Along with adding new brands and managing existing brands, it is equally important to delete weak brands from the brand portfolio in order to channelize resources toward building brand portfolios comprising strong brands (Shah, 2015; Shah, Laverie, & Davis, 2017). Despite its important strategic role in brand portfolio management, firms are hesitant to delete brands from their portfolios, as they fear losing customers and the challenge of managing customer reactions. Therefore, the purpose of this study is to provide a useful and practical guide to managers (based on academic literature and qualitative analysis of in-depth interviews with 15 brand professionals) on successfully deleting brands without estranging their loyal customers. Brand professionals were chosen as key informants in these interviews because they work very closely with brands and have experience and in-depth insight into the challenges involved with managing customer reactions during brand deletions.

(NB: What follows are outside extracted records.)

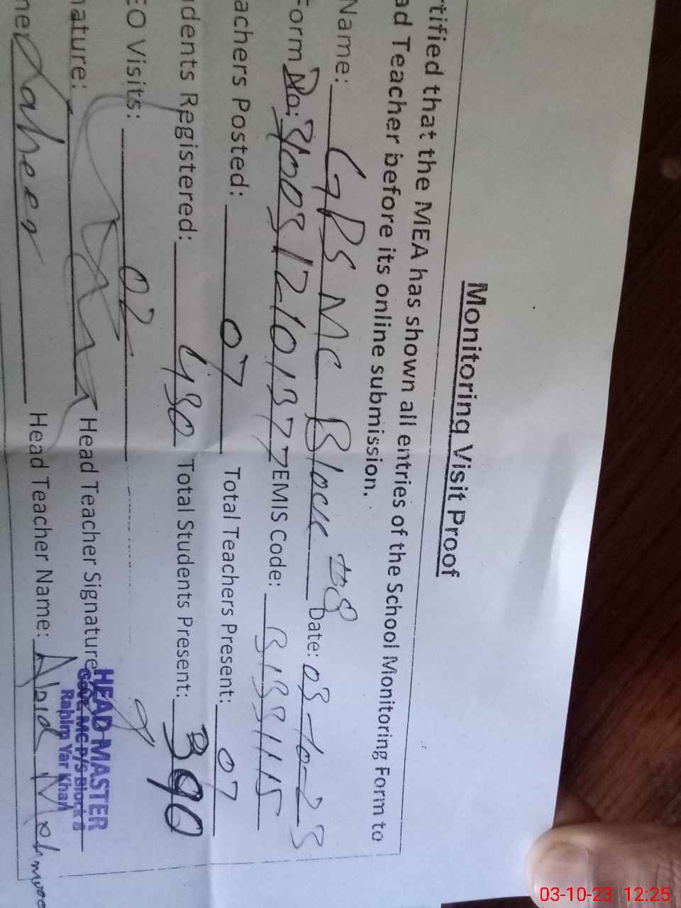 | EMIS Code: 31331115 | Name of School: GPS MC BLOCK NO. 8 THALI ROAD | |||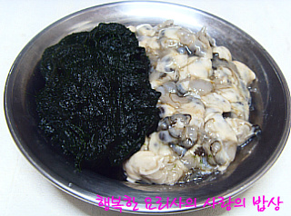 굴은 소금물에 흔들어 씻어 물기를 뺀다.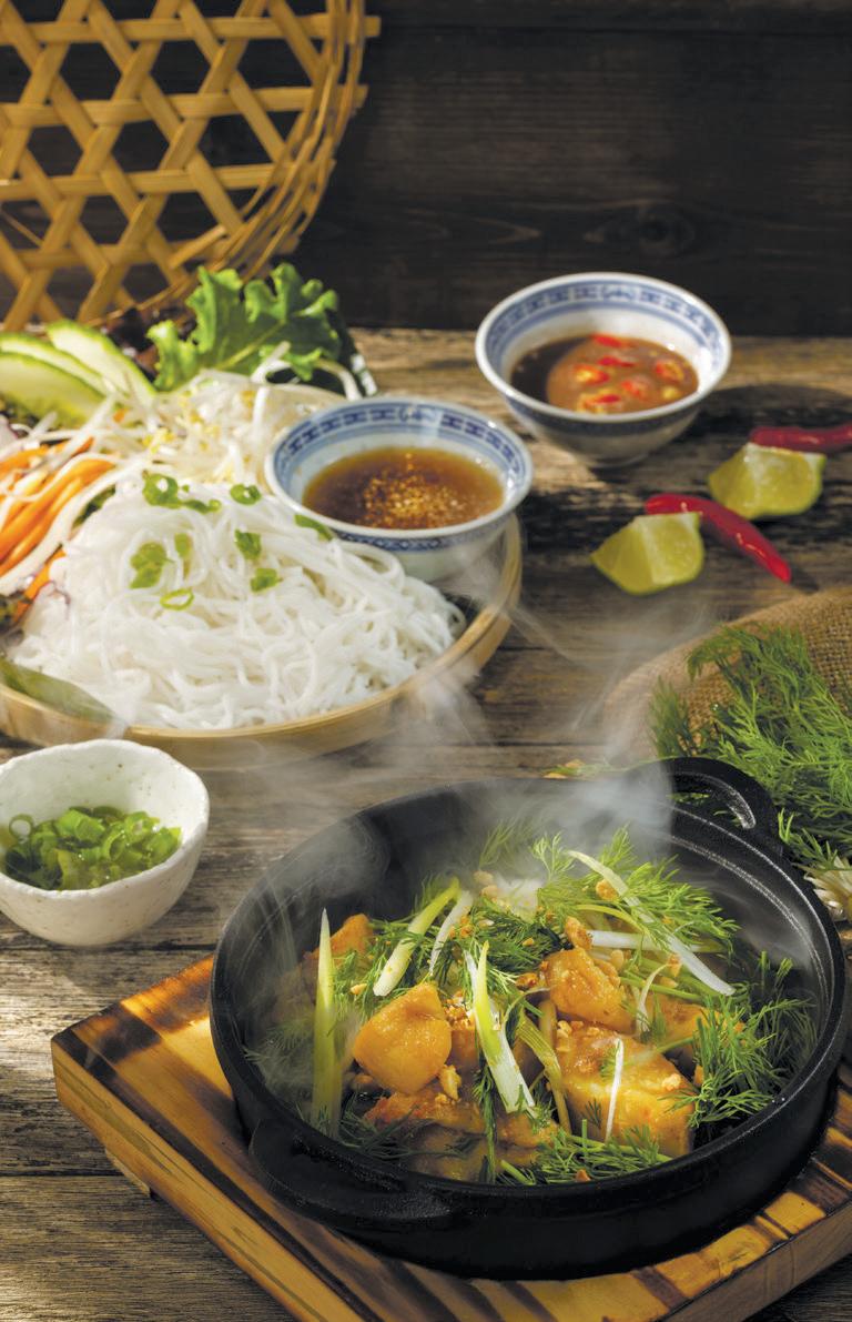 At Phonatic Social, Northern Vietnamese cuisineshines in everydish, especiallythe iconicCha Cá Hà Noi.Rooted in Hanoi’sOld Quarter,this turmeric marinated fish with dill and herbscaptures thetrue heartofNortherncooking To complement thefood, Phonatic Social’s cocktail menu offers athoughtfulexpression of Vietnamese inspiration. Many of our drinks areinspired by Vietnamese ingredientssuch as pandan and ginger, and our most talked-about signatureis thePho Cocktail —featuring Canadian ryewhiskeyfatwashed with 27-hourbeef fat, phodry spices,and abotanical infusionwith Copperpenny gin.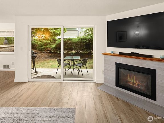Rare corner, ground-floor end unit—beautiful updates and truly move-in ready. Sun-filled, warm-contemporary style: light luxury-vinyl floors, crisp white walls, black metal lighting, and a modern black kitchen with gold hardware and an earthy tile backsplash. The open living/dining space feels airy and welcoming, perfect for everyday living or easy entertaining. Quiet building location tucked at the very back of the complex, with your own covered parking spot and lots of guest parking! Ample storage space. Live minutes from The Village at Totem Lake (dining, shops, medical, entertainment) and walking distance to Safeway. Park the car and enjoy the neighborhood. Well-run community in a prime Kirkland/Totem Lake spot with fast I-405 access.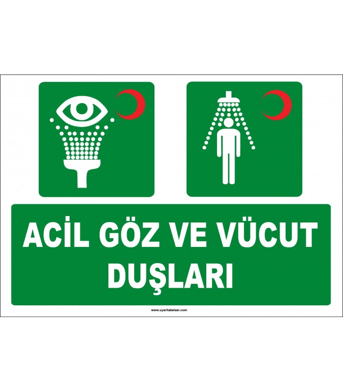ISO 7010 Acil Göz ve Vücut Duşları levhası: Güvenlik ve ilk yardım için TSE standartlarında, 3 mm PVC malzemeden hemen sipariş verin!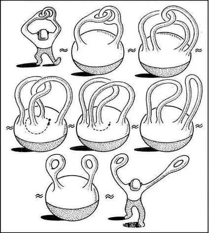 从几何的角度看,拓扑学的源头可追溯到1736年,L.欧拉(L.Euler,1707-1783年)发表了真正属于拓扑学的第一篇论文。该论文研究的问题源起于18世纪,即哥尼斯堡七桥问题。在数学上,关于哥尼斯堡七桥问题、多面体欧拉定理、四色问题等都是拓扑学发展史的重要问题。哥尼斯堡河上建有七座桥,将河中间的两个岛和河岸联结起来。人们闲暇时经常在这上边散步,一天有人提出:能不能每座桥都只走一遍,最后又回到原来的位置。这个看起来很简单又很有趣的问题吸引了大家,很多人在尝试各种各样的走法,但谁也没有做到。看来要得到一个明确、理想的答案还不那么容易。利用普通数学知识,每座桥均走一次,那这七座桥所有的走法一共有7 × 6 × 5 × 4 × 3 × 2 × 1 = 5040(种)七桥问题本质是“一笔画问题”。欧拉说此问题无解,且给出了连通图可以一笔画的充要条件是:奇点的数目不是0个就是2个(连到一点的数目如果是奇数条,就称为奇点;如果是偶数条,就称为偶点。要想一笔画成,必须中间点均是偶点,也就是有来路必有另一条去路,奇点只可能在两端。因此任何图能一笔画成,奇点要么没有,要么在两端)。七桥图形中,没有一点含有偶数条数,因此上述的任务无法完成。完成“一笔画”任务的先决条件——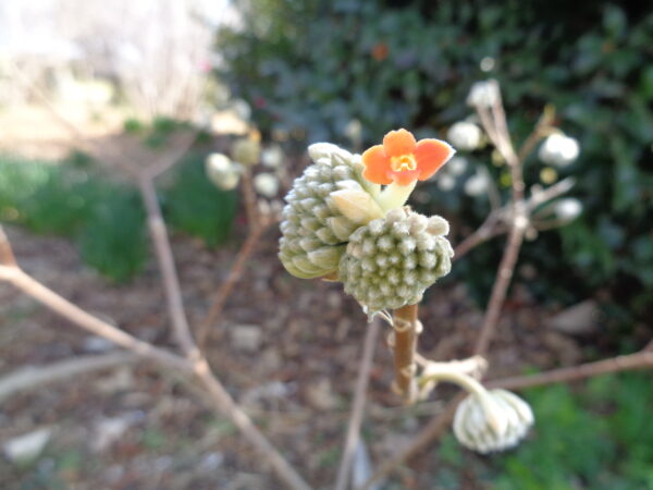 ちっちゃな【ミツマタ】の一番花が咲きました!枝の先が必ず三つに分かれることからミツマタと名づけられたそうです。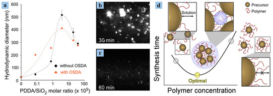 Recently, by studying the effects of several kinds of polyquaternary amines on the nucleation of SSZ-13 zeolites, Rimer and coworkers found that PDDA has the most pronounced impact on the kinetics of SSZ-13 formation, leading to a 4-fold reduction in crystallization time [44]. The dynamic light scattering (DLS) characterization results demonstrated that PDDA could accelerate the aggregation of precursors at a critical concentration (Figure 8a). In addition, oblique illumination microscopy (OIM) studies (Figure 8b) revealed that the addition of the optimal concentration of PDDA to the synthesis system could facilitate the assembly of soluble silicates into denser phases. The authors proposed that the optimal scenario at intermediate PDDA concentrations may lead to precursor clustering, akin to bridging flocculation. This is a characteristic of polymer–colloid interaction at low-to-moderate polymer concentrations. The precursor particles within these clusters could maintain a high level surface area contact with the solution, thus creating confined regions of entrained supernatant solution. These confined regions might speed up the nucleation via pathways that seem to include more facile mass transfer and exchange of aluminosilicate species among solid and solution phases, thus creating a localized high concentration of soluble species where precipitation can be accelerated by the introduced PDDA (Figure 8d).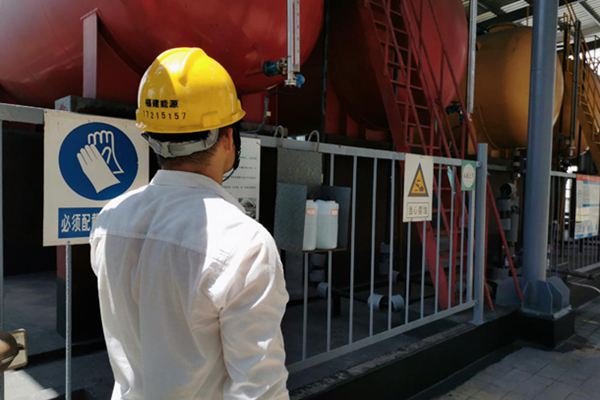 “報告主值,化水區(qū)域設備運行正常,1號酸罐液位1.6米,2號酸罐液位…… ”化學巡檢人員正拿著對講機匯報巡檢情況,我們可以從鏡頭上看到,高溫的洗禮下整件衣服都已經貼著后背,滿臉大汗就不在話下。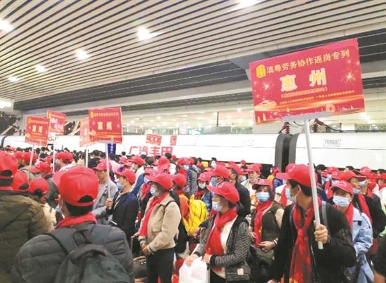 羊城晚报全媒体记者周聪,通讯员粤仁宣、穗人社宣摄影报道:“广东,我们回来了!”21日14时47分,从贵州省毕节市始发的D2811次专列抵达广州南站。613名毕节市务工人员走出出站口。20日20时17分,600多名云南籍务工人员乘坐D4856次列车也已到达广州南站。

When customers feel emotionally attached with brands, deleting these brands can negatively influence customer satisfaction, attitude toward the brand, firm reputation, brand and firm evaluations, brand loyalty, and brand commitment (Mao, Luo, & Jain, 2009; Somosi & Kolos, 2015; Varadrajan, Defanti, & Busch, 2006) and thereby cause a severe business disruption (Avlonitis & James, 1982). Therefore, it is imperative to consider customers and their reactions to brand deletion while deciding to delete a brand (Shah, 2017 forthcoming).

Firms can be classified as B2C (business to customer) and B2B (business to business) based on the nature of customers they serve. Brand deletion in the B2B context may have severe consequences for customer firms (i.e., firms buying from them) and customer-company relationships (Homburg, Fürst, & Prigge, 2010). If a firm undergoing brand deletion provides a timely announcement of the decision, offers a sound explanation of the deletion decision, takes responsibility of providing appropriate financial and/or nonfinancial compensation, and exerts effort to help satisfy its customers’ needs, it is perceived by customer firms as more reliable, sincere, and flexible. Due to this, customer firms’ psychological and economic costs are reduced, thereby improving their overall satisfaction and loyalty after the brand deletion (Homburg, Fürst, & Prigge, 2010).

In the B2C context, a loyal customer’s reaction to the deletion of his/her favorite brand can be explained by the stage theory of grief (Worden, 2008) since the customer experiences a loss due to the death of an important entity, his/her beloved brand. If the deleting firm offers a better substitute for the brand being deleted with a prior notice to customers, the customer churn is less because customers experience more satisfaction, loyalty, and commitment to the brand being deleted (Somosi & Kolos, 2015). Furthermore, only notification is not sufficient. It is also important to explain the reasoning behind the deletion decision.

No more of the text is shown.